Records from a collection
◆ ◆ ◆ ◆

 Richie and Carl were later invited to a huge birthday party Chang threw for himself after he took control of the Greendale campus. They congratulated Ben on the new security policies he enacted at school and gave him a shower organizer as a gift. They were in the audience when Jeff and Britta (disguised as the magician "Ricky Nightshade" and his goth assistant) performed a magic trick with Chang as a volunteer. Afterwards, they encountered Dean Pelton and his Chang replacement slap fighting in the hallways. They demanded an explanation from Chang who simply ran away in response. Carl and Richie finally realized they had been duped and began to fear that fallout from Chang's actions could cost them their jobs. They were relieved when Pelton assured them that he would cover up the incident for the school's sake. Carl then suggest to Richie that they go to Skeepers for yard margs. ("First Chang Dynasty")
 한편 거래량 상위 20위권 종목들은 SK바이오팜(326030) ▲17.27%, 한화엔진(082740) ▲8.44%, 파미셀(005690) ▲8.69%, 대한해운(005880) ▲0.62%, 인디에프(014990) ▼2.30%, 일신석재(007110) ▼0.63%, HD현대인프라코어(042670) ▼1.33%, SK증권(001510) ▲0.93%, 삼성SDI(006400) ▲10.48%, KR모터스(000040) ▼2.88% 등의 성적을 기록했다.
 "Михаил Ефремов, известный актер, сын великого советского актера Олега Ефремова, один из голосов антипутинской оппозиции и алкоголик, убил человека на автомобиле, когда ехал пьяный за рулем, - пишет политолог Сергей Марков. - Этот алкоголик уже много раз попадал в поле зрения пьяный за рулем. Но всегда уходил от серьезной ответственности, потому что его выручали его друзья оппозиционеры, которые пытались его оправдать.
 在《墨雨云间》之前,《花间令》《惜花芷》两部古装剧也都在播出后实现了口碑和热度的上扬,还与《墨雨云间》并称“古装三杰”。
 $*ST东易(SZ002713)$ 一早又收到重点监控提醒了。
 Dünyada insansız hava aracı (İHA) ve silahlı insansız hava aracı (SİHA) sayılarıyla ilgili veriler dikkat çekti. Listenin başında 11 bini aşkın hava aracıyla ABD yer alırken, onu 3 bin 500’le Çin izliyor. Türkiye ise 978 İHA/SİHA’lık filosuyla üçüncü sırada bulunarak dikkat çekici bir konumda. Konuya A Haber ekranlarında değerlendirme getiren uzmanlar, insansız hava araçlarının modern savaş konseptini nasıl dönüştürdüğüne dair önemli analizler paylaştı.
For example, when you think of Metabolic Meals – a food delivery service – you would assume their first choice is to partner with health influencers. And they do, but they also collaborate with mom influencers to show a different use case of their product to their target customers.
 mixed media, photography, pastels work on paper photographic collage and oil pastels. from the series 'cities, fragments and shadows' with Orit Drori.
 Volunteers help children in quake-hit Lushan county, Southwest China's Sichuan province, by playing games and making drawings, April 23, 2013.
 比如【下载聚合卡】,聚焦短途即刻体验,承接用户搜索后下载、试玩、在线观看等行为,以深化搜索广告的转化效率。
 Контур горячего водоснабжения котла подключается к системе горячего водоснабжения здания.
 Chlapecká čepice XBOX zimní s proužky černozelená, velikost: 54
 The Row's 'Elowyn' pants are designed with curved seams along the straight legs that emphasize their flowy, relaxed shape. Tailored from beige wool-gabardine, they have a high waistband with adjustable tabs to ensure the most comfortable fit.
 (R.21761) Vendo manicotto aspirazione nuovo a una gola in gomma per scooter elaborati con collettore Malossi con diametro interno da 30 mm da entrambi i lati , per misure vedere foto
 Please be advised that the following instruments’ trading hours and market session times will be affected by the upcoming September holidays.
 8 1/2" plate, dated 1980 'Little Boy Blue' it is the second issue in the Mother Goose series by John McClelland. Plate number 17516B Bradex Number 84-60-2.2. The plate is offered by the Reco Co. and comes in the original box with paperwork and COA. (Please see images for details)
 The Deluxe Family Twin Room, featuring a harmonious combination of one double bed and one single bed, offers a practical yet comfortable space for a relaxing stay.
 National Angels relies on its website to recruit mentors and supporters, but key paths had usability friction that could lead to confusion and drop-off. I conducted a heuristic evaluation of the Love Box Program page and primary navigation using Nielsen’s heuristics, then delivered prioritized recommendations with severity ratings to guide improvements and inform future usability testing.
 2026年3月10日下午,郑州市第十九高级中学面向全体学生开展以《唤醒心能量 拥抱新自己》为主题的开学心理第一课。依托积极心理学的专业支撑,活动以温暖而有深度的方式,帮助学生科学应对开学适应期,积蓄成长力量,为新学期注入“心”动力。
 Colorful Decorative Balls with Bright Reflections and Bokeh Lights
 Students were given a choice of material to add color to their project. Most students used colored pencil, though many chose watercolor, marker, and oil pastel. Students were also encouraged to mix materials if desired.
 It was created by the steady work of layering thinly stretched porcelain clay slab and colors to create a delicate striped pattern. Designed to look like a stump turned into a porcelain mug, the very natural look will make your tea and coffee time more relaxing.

◆ ◆ ◆ ◆

Please set down exactly the lines running from the one with "National Angels relies" to the last line of the entries above, both of them included, and no others.

Solved problem ▸
 National Angels relies on its website to recruit mentors and supporters, but key paths had usability friction that could lead to confusion and drop-off. I conducted a heuristic evaluation of the Love Box Program page and primary navigation using Nielsen’s heuristics, then delivered prioritized recommendations with severity ratings to guide improvements and inform future usability testing.
 2026年3月10日下午,郑州市第十九高级中学面向全体学生开展以《唤醒心能量 拥抱新自己》为主题的开学心理第一课。依托积极心理学的专业支撑,活动以温暖而有深度的方式,帮助学生科学应对开学适应期,积蓄成长力量,为新学期注入“心”动力。
 Colorful Decorative Balls with Bright Reflections and Bokeh Lights
 Students were given a choice of material to add color to their project. Most students used colored pencil, though many chose watercolor, marker, and oil pastel. Students were also encouraged to mix materials if desired.
 It was created by the steady work of layering thinly stretched porcelain clay slab and colors to create a delicate striped pattern. Designed to look like a stump turned into a porcelain mug, the very natural look will make your tea and coffee time more relaxing.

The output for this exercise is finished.